Elsevier

Contraception

Volume 84, Issue 5, November 2011, Pages 465-477
Contraception

Review article
Fertility after discontinuation of contraception: a comprehensive review of the literature

https://doi.org/10.1016/j.contraception.2011.04.002Get rights and content

Abstract

Background

Fear of adverse effects on subsequent fertility following reversible contraceptive use is an important concern for some women.

Study Design

We undertook a comprehensive and objective review of the literature for prospective studies reporting pregnancy rates in women following contraceptive cessation. One-year pregnancy rates and pregnancy outcomes are summarized.

Results

We identified and analyzed 17 studies according to preset criteria. Typical 1-year pregnancy rates following cessation of oral contraceptives or the levonorgestrel-releasing intrauterine system (LNG-IUS) ranged between about 79% and 96% and those for copper intrauterine devices (IUDs) were almost as high, ranging between about 71% and 91%. One-year pregnancy rates following cessation of contraceptive implants were between 77% and 86%, with one study showing a rate lower than 50%. For injectable contraceptives [(a) norethisterone enanthate and (b) 5 mg estradiol cypionate and 25 mg medroxyprogesterone (Cyclofem)], only two studies were reported, with 1-year pregnancy rates following cessation of 73% and 83%, respectively. There was no evidence of increased pregnancy complications or adverse fetal outcomes following cessation of any of the reversible methods reported.

Conclusions

Overall, 1-year pregnancy rates following cessation of oral contraceptives, contraceptive implants and monthly injections, copper IUDs and the LNG-IUS are broadly similar to those reported following discontinuation of barrier methods or use of no contraceptive method.

Introduction

Women's reproductive goals and contraceptive practices change depending on their life situation. The ability to control fertility with highly effective reversible contraceptives has emancipated many women to choose to become pregnant by choice not chance. An essential feature of any reversible method of contraception is that it should not adversely affect future fertility—often an important concern for women [1]. Any fertility delay or impairment following the cessation of a given contraceptive method may be associated with reduced use and poor user satisfaction especially in young women [2], where misconceptions and lack of information [2], [3] add to their general distrust of effective contraceptive methods.

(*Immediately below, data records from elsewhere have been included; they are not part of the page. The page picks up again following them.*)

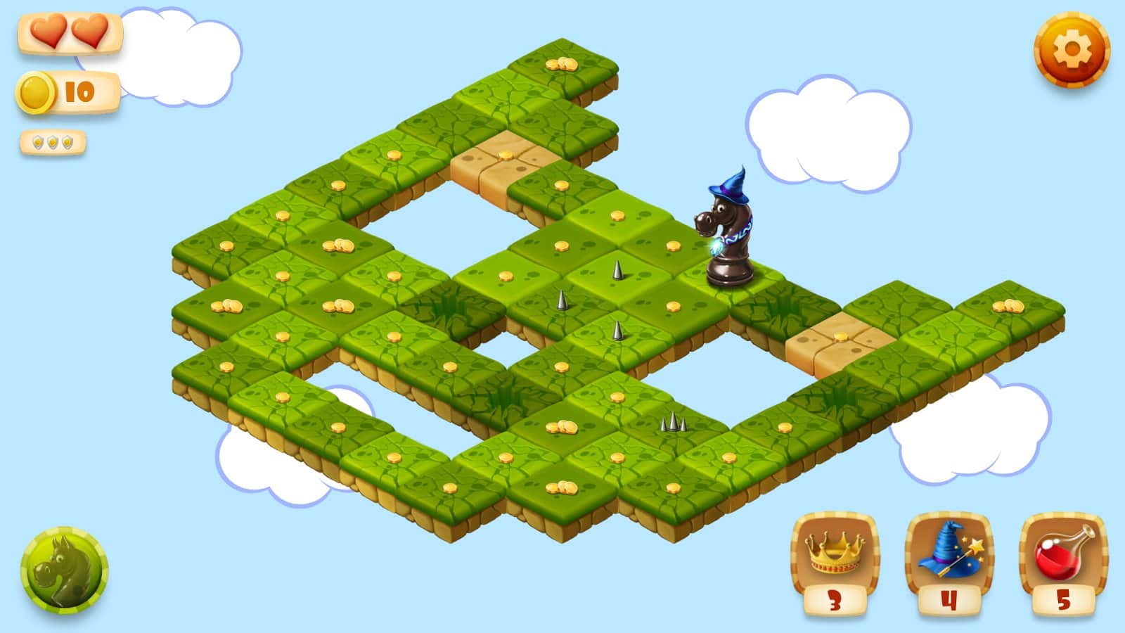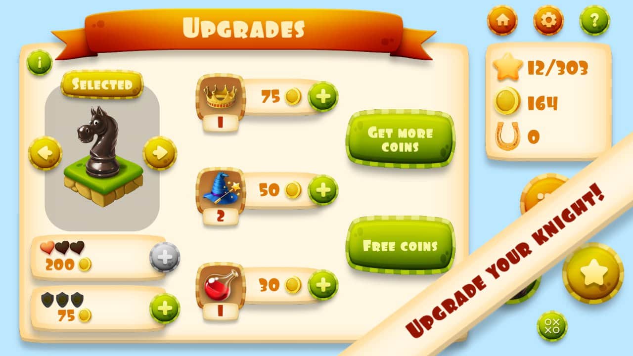 Knight's Tour - новая вариация древней игры головоломки основанной на механики шахмат, а именно движению фигуры коня. Двигаясь фигурой в виде буквы "Г" ваша задача перемещаться таким образом, чтобы собрать все монетки и при этом не зайти в тупик. Ко всему прочему на игровом поле вас будут поджидать и другие неприятности, в виде вражеских шахматных фигур. Всего в Knight's Tour более сотни разнообразных уровней, выполненных в отличной графике, при этом разработчики подключили всю свою фантазию и реализовали нелинейные локации, проходя которые вы сможете реализовать все свои тактические навыки. Уровень сложности каждой доски разный и вариантов прохождения десятки, так что все будет зависеть только от вас. Не забыли создатели игры и об возможности развития, а так же о системе достижений.
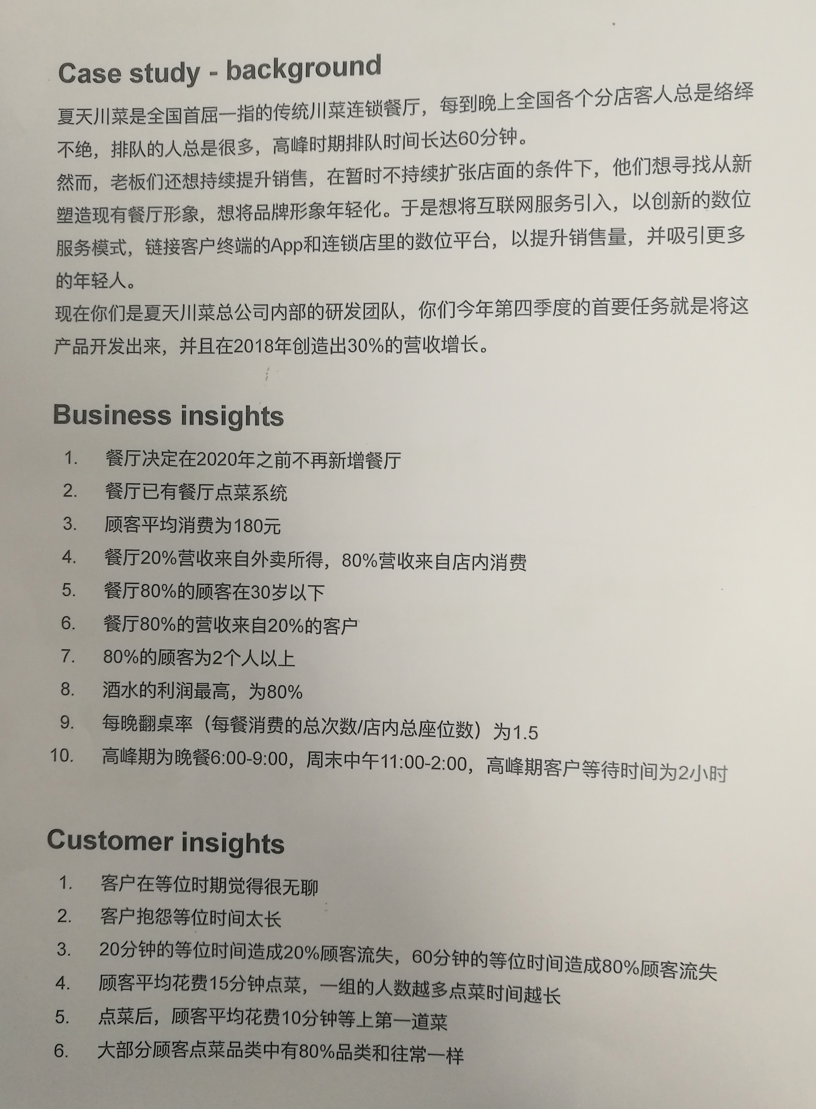1第一步 老師發(fā)給我們一張紙,講了一個川菜館目前的情況,一些困難,想達到的目標。讓我們先了解現(xiàn)狀和期望。
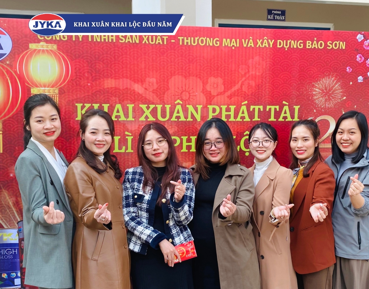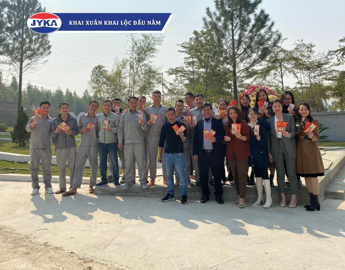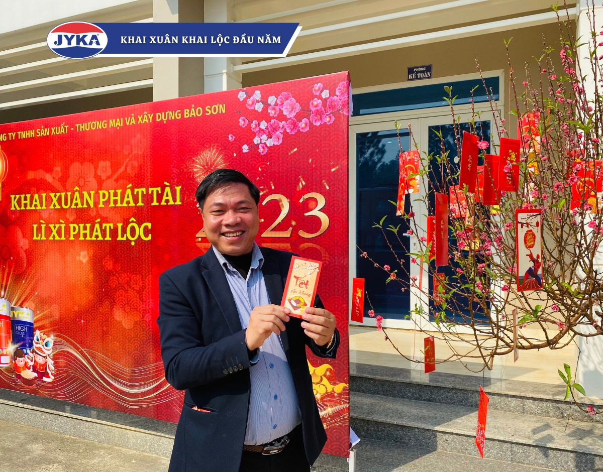 Trong ngày khai xuân, Ban lãnh đạo sơn JYKA LÌ XÌ PHÁT LỘC cho cán bộ công nhân viên, cùng nhau nâng ly chúc mừng và trao nhau những lời chúc tốt đẹp thể hiện sự quyết tâm, đoàn kết, đồng lòng cho năm mới, chúc công ty thành công, tăng trưởng đột phá và phát triển bền vững.
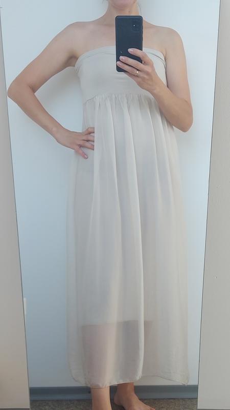 Просто невесомое шелковое платье в молочном цвете. Подкладка вискоза, верх 100% шелк. Вискоза очень хорошо тянется, поэтому подойдет на размер от XS до М. длина полностью 115, длина шелковой юбки 95
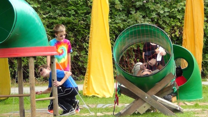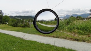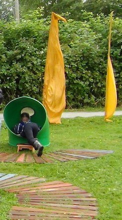 In ‘3 Points of Perspective’, Tiki Mulvihill and Fae Logie worked together with repurposed finds of old fencing and large green tubes cast off from a playground. What appears is a whimsical and participatory art installation with hidden viewpoints, ‘seeing’ the landscape through a different lens.
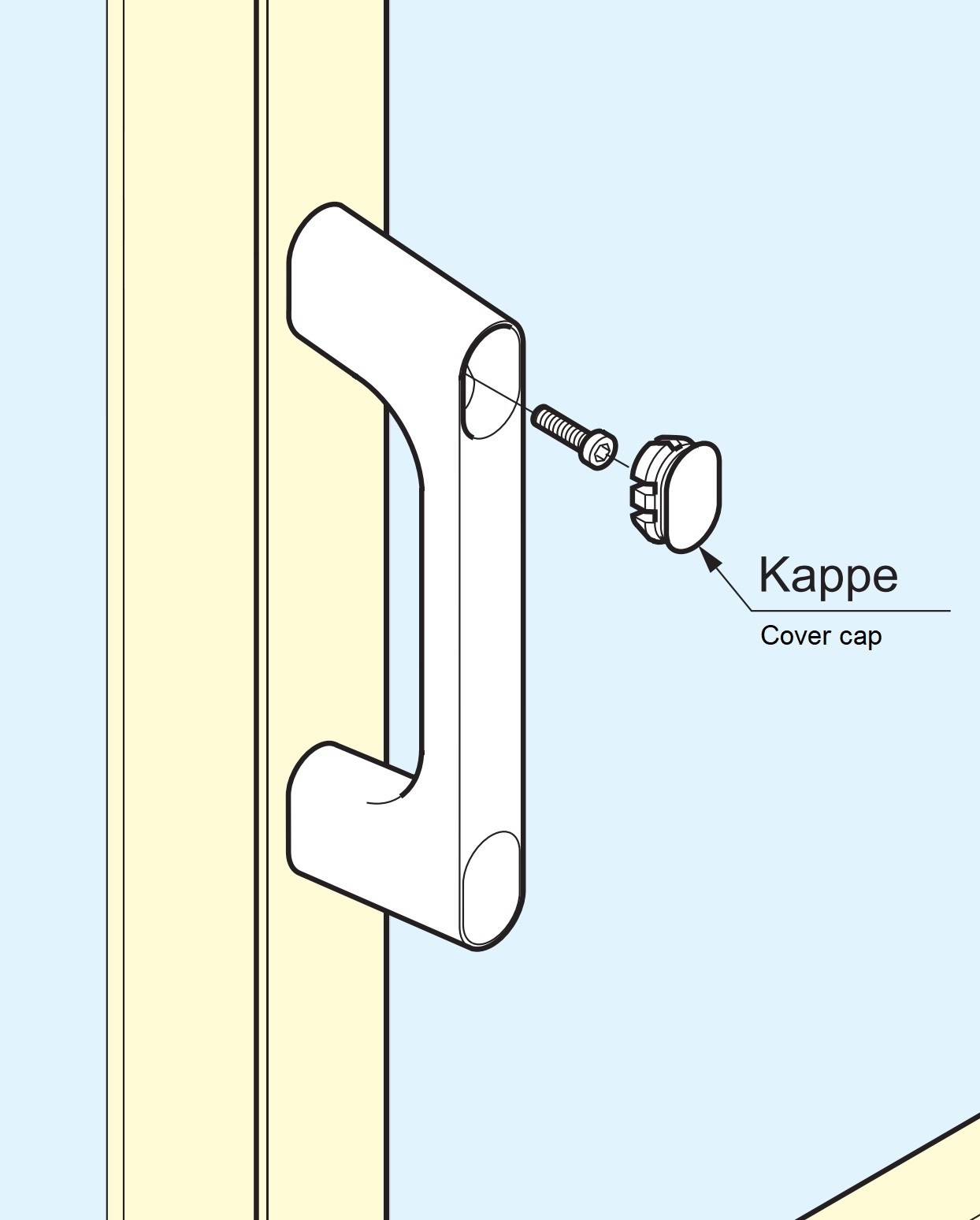De afdekking KMHC-BL verbergt het bevestigingspunt van de industriële handgreep, zodat de schroeven niet zichtbaar zijn en het ontwerp van het apparaat wordt benadrukt.
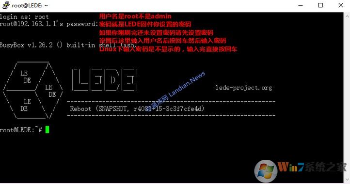 在此特别提示用户名是root,密码是初次登陆LEDE固件设置的密码、输入密码是不显示的输入完成直接回车;

In the 1960s, following discontinuation of oral contraceptives, initial reports suggested a syndrome of anovulation and infertility in some women who previously had regular menses [4], [5], [6], [7]. Clinicians feared that long-term ovulation suppression with oral contraceptives could lead to a state of prolonged ovulatory suppression where return to normal menstruation was delayed resulting in some women remaining amenorrheic for more than 1 year. This so-called postpill amenorrhea syndrome has been subsequently refuted [8]. Nonetheless, the effect of long-term oral contraceptive use on reproductive function and fertility, particularly as it may affect adolescent maturation and reproductive development, continues to be of concern to some clinicians [3].

Fertility is a complex issue that depends on a number of factors (both male and female) including underlying reproductive potential, behavioral/lifestyle and environmental factors. The negative association between age and fecundity is generally well accepted [9], [10] and is related to reduced coital frequency [11], [12], a decline in fertility [10], [13] and increased prevalence of underlying gynecological disease [14]. In addition, smoking in women has been associated with impaired fertility [15], [16], [17], as has obesity [18] and exposure to a number of environmental toxins (including pesticides, solvents and chlorinated hydrocarbons) [19], [20], [21]. Consequently, studies assessing pregnancy rates or time to pregnancy following cessation of contraceptive use may be influenced by a number of underlying factors specific to the population under study.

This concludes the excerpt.